Dariusz Maciak ostrołęcką komendę odwiedził 24 października. Złożył zawiadomienie o kradzieży torby z 45 tys. zł należącej do prezydenta. Jak zeznał "Janusz Kotowski jest moim przyjacielem. (…) Na początku sierpnia 2011 roku zapytałem czy mogę zamieszkać w wynajmowanym przez niego mieszkaniu przy 11 Listopada. Wyraził na to zgodę, dał mi klucze i zamieszkałem tam na początku sierpnia.".
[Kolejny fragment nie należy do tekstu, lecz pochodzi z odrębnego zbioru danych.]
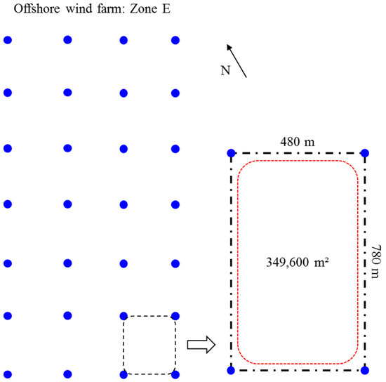 The analysis of the local simulation results after the offshore wind turbines were established shows that the underwater foundation of the wind turbine only affected the local area near the foundation structure. The overall simulation results show that the waves and currents caused by the wind turbine had a limited influence range, which is probably within the area of the foundation structure of about four to five times the size of its diameter (12–15 m). The influence of the wind turbines’ foundation structure on the current was also limited to an area of six times the size of the pile diameter (18 m). These results show that the range of waves and currents affected by the wind turbine occurred in local areas. In order to consider the combination of offshore wind power and traditional fisheries as a form of cooperative development, this study used the case of a circular cage culture that is more common in Taiwan’s seas and can effectively resist waves [33]. As shown in Figure 15, this study used the offshore wind field (code E) that is closer to the shore as an analysis case. The arrangement of the wind turbines in the offshore wind farm with code E was such that the parallel shoreline distance was 780 m and the vertical shoreline distance was 480 m. After deducting the range of possible influence of the waves and currents after passing the offshore wind turbine under the influence of monsoon conditions, the estimated range of 349,600 m2 not affected by the offshore wind turbine can be obtained. After referring to the research on the relevant offshore cage culture [34,35,36], this study took the circular cage culture with a diameter of 20 m as an example and configured it with the cage culture system of Figure 16. From the range of the outer anchoring system, a diameter of approximately 100 m can be obtained. If preparations are made in a regular arrangement, approximately 40 cage cultures can be placed in the area not affected by the wind turbines. If this is expanded to the entire offshore wind farm, it should be possible to configure 720 cage cultures. It is worth mentioning that the use of this configuration does not take into account the future operation of the entire offshore wind farm. If the operation and maintenance of offshore wind farms are not affected, and if the consent of the developer is obtained, it should be possible to use this method to provide economically large-scale farming areas and as a mutually beneficial method for offshore wind power generation and fishery.
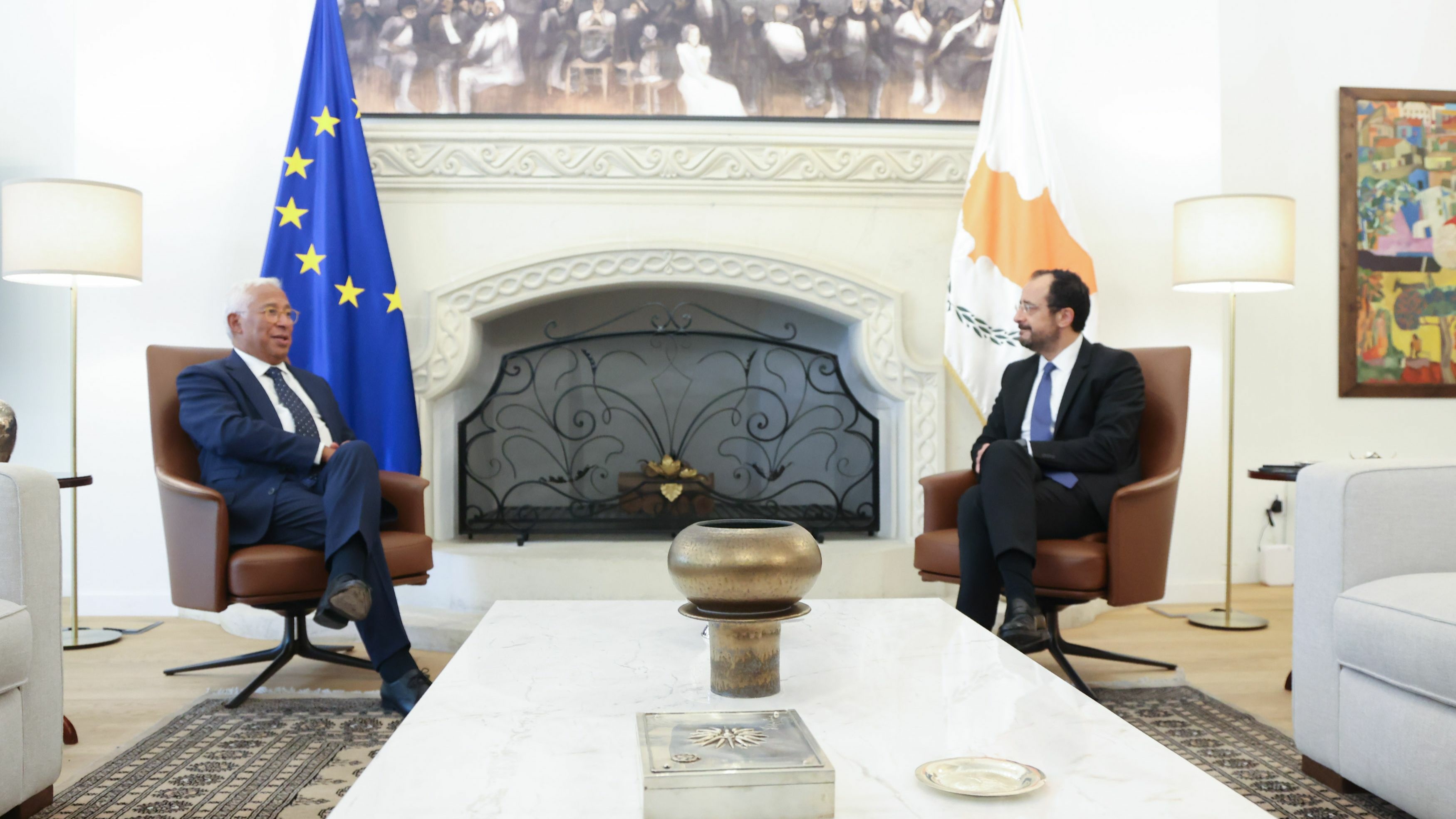 Güney Kıbrıs Rum Yönetimi Başkanı Nikos Hristodulidis, Avrupa Birliği (AB) başkentlerini ziyareti kapsamında Güney Kıbrıs'a gelen Avrupa Konseyi Başkanı António Costa'yı kabul etti.

Wkrótce okazało się jednak, że liczba lokatorów w dwupokojowym mieszkaniu (jeden z tych pokoi jest z aneksem kuchennym) znacznie się zwiększyła. Wprowadziło się do niego trzech piłkarzy (do niedawna przewodniczący Maciak był prezesem Narwi - przyp. red.). Ci piłkarze to Szalwa G. z Gruzji oraz Maciej F. z Warszawy i Kamil J. z Olsztyna. Ten ostatni zamieszkał ze swoją dziewczyną, Pauliną.

"Przedstawiciele klubu [Narew] poprosili mnie, czy mogą zamieszkać u mnie. Zgodziłem się i wspomniałem o tym Januszowi Kotowskiemu - zeznawał Dariusz Maciak. Po czym przeszedł do sedna swojego zawiadomienia. - W pokoju z kuchnią, w szafce meblowej znajdowała się charakterystyczna torba na ramię kupiona przez Janusza Kotowskiego w Gruzji. Czarna, dekorowana koralikami. Gdy się wprowadzałem to pobieżnie zerknąłem do szafek w celu stwierdzenia co się w nich znajduje. Ja tam wizualnie nie stwierdziłem żadnych wartościowych rzeczy. (…) Pod koniec sierpnia dowiedziałem się od Janusza Kotowskiego, że w torbie z Gruzji trzyma prywatne oszczędności, mówił mi, że na zakup telewizora dla dzieci. (…) Natychmiast sprawdziłem czy torba jest na swoim miejscu, okazało się, że jej nie ma. (…) Kotowski powiedział mi, że tam była duża kwota, po kilku dniach sprecyzował, że 45 tys. zł".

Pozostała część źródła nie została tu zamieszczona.